The risk of data-heavy reviews
When managers walk into a performance review with a spreadsheet of activity metrics, it often backfires. Employees feel reduced to data points. The conversation shifts from development to defence. The metric becomes the measure of the person, rather than a partial signal in a complex picture. Done badly, data-rich reviews are worse than no data at all.
Using data as context, not evidence
The right role for productivity data in performance reviews is context-setting, not verdict-rendering. "Over the last quarter, your focus score averaged 71, which is strong for your role" is context. "Your focus score was only 71 last quarter" is a verdict. The same number, differently framed, produces completely different outcomes in the conversation.
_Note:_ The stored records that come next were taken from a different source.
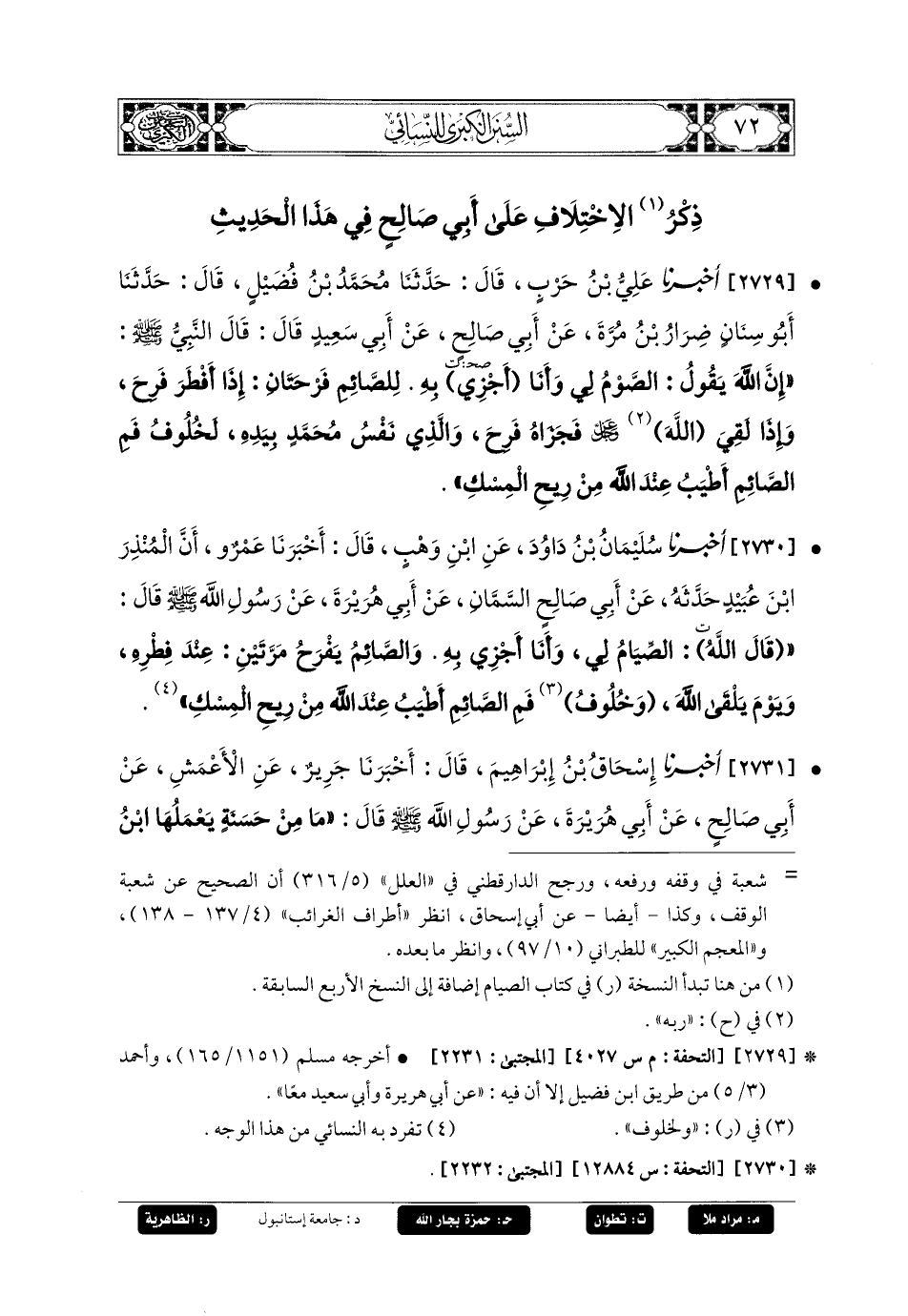 2729- أَخبَرنا عَليُّ بنُ حَرْبٍ، قَالَ: حَدثنا مُحَمدُ بنُ فُضَيْلٍ، قَالَ: حَدثنا أَبو سِنَانٍ ضِرَارُ بنُ مُرَّةَ، عَن أَبي صَالِحٍ، عَن أَبي سَعِيدٍ قَالَ: قَالَ النَّبِيُّ صَلى الله عَليه وسَلم: إِنَّ اللهَ يَقُولُ: الصَّوْمُ لِي وَأَنَا أَجْزِي بِهِ، لِلصَّائِمِ فَرْحَتَانِ: إِذَا أَفْطَرَ فَرِحَ، وَإِذَا لَقِيَ اللهَ عزَّ وجلَّ فَجَزَاهُ فَرِحَ، وَالَّذِي نَفْسُ مُحَمدٍ بِيَدِهِ، لَخُلُوفُ فَمِ الصَّائِمِ أَطْيَبُ عِنْدَ اللهِ مِنْ رِيحِ المِسْكِ.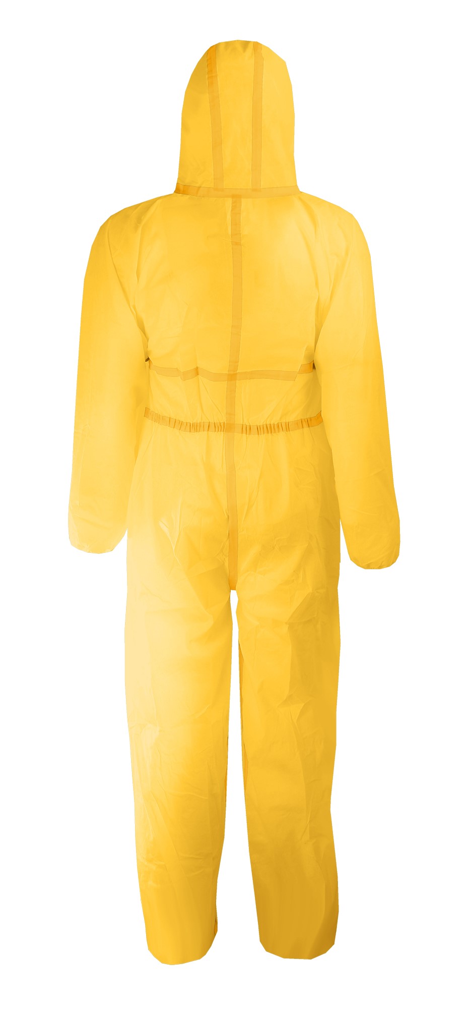 المادة: 100٪ بولي بروبيلين مع فيلم بوليثيلين (70 جم/م²). مسامي دقيق، مقاوم للماء. درزات مقاومة للماء بشريط لاصق حراري. غطاء رأس من 3 قطع. إغلاق بسحاب تحت شريط لاصق ذاتي. شدات مرنة (الخصر، الغطاء، المعصمين والكاحلين). حلقات للإبهام. اللون: أصفر. الحماية المتعددة المخاطر بفضل المادة (مسامية دقيقة، مقاومة للماء): حظر الجسيمات الصلبة والسائلة، والرشاشات والسوائل، والوكائل المعدية والتلوث الإشعاعي + خصائص مضادة للكهرباء الساكنة. مقاومة للماء بفضل فيلم البولي إثيلين والخياطات الملصوقة بشريط لاصق حراري. ضبط سريع وسهل بفضل شدّات مرنة. كيس بولي بسهم يوروي لتعليق يسمح بالعرض السهل في المتاجر المهنية.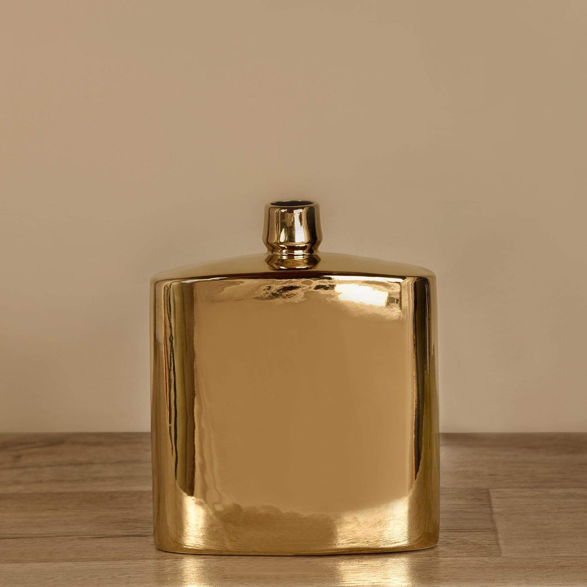 The sleek shape of this gold vase adds a touch of refinement to its form. The golden surface, whether polished to a brilliant shine or softly textured, reflects light in a captivating manner, casting a warm and radiant glow in its surroundings. Its captivating presence draws the eye and elevates the ambiance of any room, making a lasting impression as a decorative masterpiece that seamlessly integrates into various interior design themes.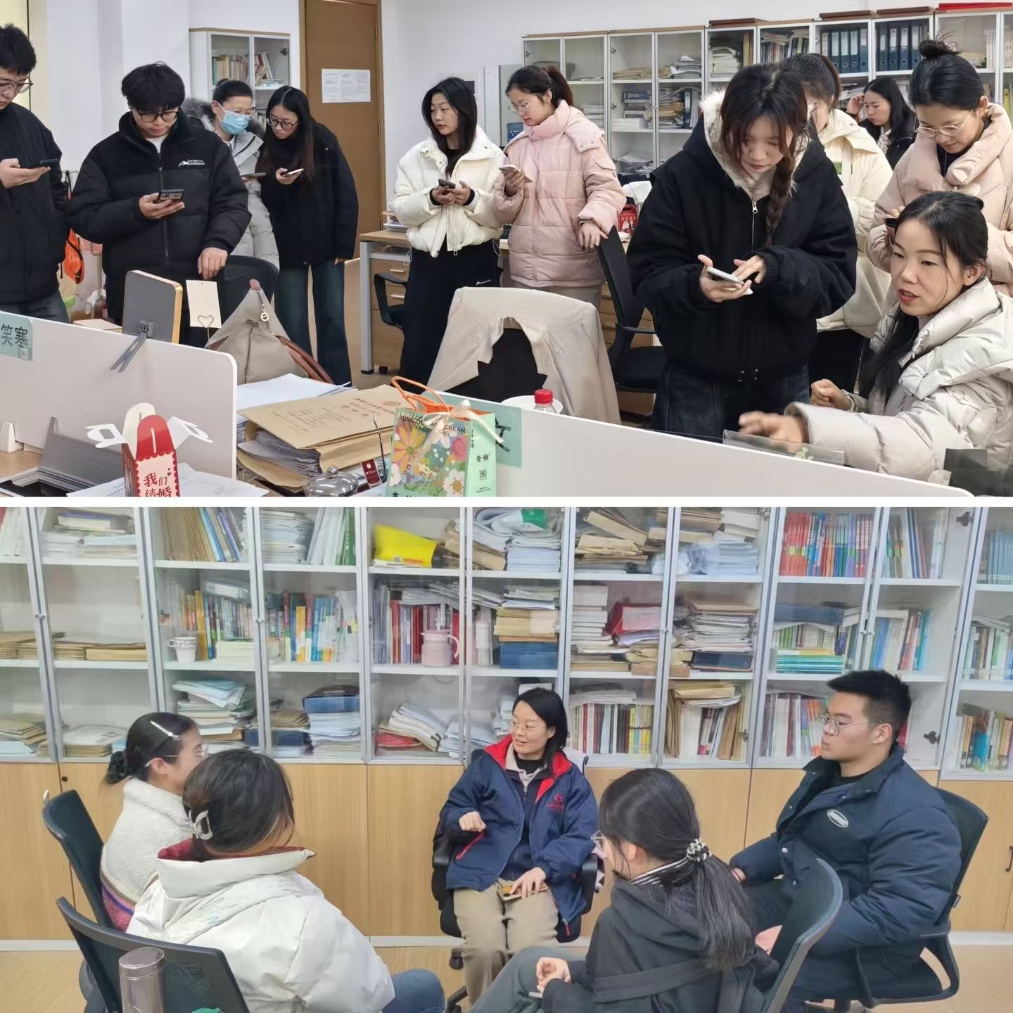 支部党员也通过线下的方式服务学生。如杜小芳根据学生三级笔译考试以及课下翻译情况,从基础强化、技能提升和资料推荐等多个方面进行辅导,力求提升学生翻译能力。张艳波给大一学生进行学业规划指导,给大二学生指导专业四级备考、课外英语阅读;给大三学生指导考研。孙燕冉、杜小芳指导学生论文,包括论文结构与写作、学术规范与引用、研究方、论文写作时间节点等内容。惠凯赟针与大一新生关于听力技巧、听力练习等学习问题进行探讨,给出练习方法的建议,鼓励同学们树立信心,制定计划,系统练习。同时和同学们一起讨论“短视频”现象,建议制定“强制戒断”,每周抽出时间全身心投入学习,体会和感受效果,期末在即,希望同学们认真备考,考出好的成绩。牛文文指导学生听力练习,讲解如何结合个人情况进行听力材料的选取,并解决学生在课下精听与泛听练习中遇到的问题,助力学生备考专四。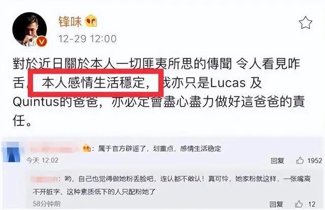 甚至还有网友将孩子的生父对准了谢霆锋,不过很快就被他否认了。
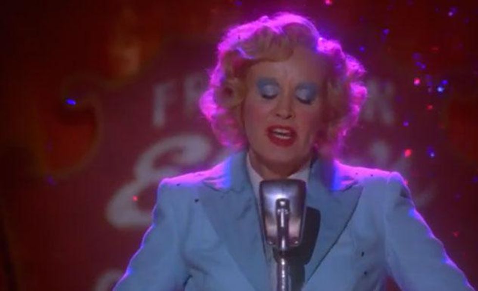 2. There will always be room for a musical number: Yes, AHS and Glee are spawned by the same creators, but for a ton of reasons they're completely different. However, when it comes to jamming out to a hit tune, these gleeks just can't resist. It took them mid-way through season 2 to given in to their musical fantasies, but this season Jessica Lange's tragically desperate superstar-wannabe opened the freak show with a captivating and glittery rendition of David Bowie's "Life on Mars." Was it completely necessary? Debatable. But now that a plot line involving Elsa's dreams of being a world famous singer has been revealed, it looks like there could be a lot more Bowie and blue eye shadow in our future. Trust us, we're not complaining. Yet.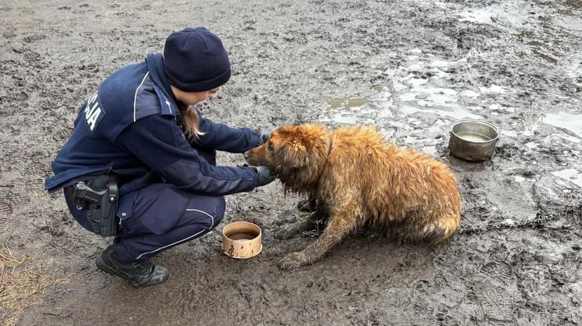 Police were called to a property in Poland after a passerby discovered a dog chained in mud, following the death of its owner. Other animals, including chickens and pigeons, were also found on the premises.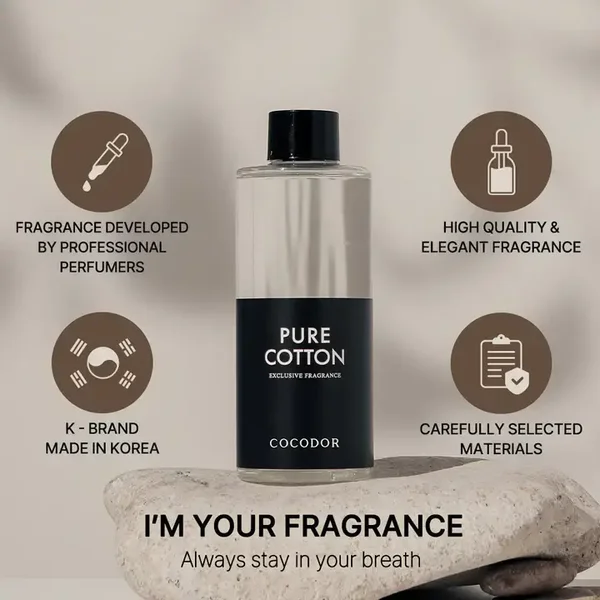 1x Navulling voor 200 ml diffusers. “Pure Cotton” elegante en verfijnde geur, ideaal voor thuis, kantoor en alle ontvangstruimtes.

What data enriches reviews
Trend data is more valuable than point-in-time data. "Your focus score improved from 55 to 75 over the quarter" tells a story of growth. Weekly AI digests over the review period provide a running narrative that is richer than any single metric. And self-reported data from employees — their own interpretation of their patterns — should be an explicit part of the conversation.
What data should stay out of reviews
Granular daily activity logs. Individual screenshots (unless there is a specific disputed incident). Comparisons to other employees by name. These details are surveillance-style, create defensiveness, and add no developmental value. Save them for specific disputes, not routine reviews.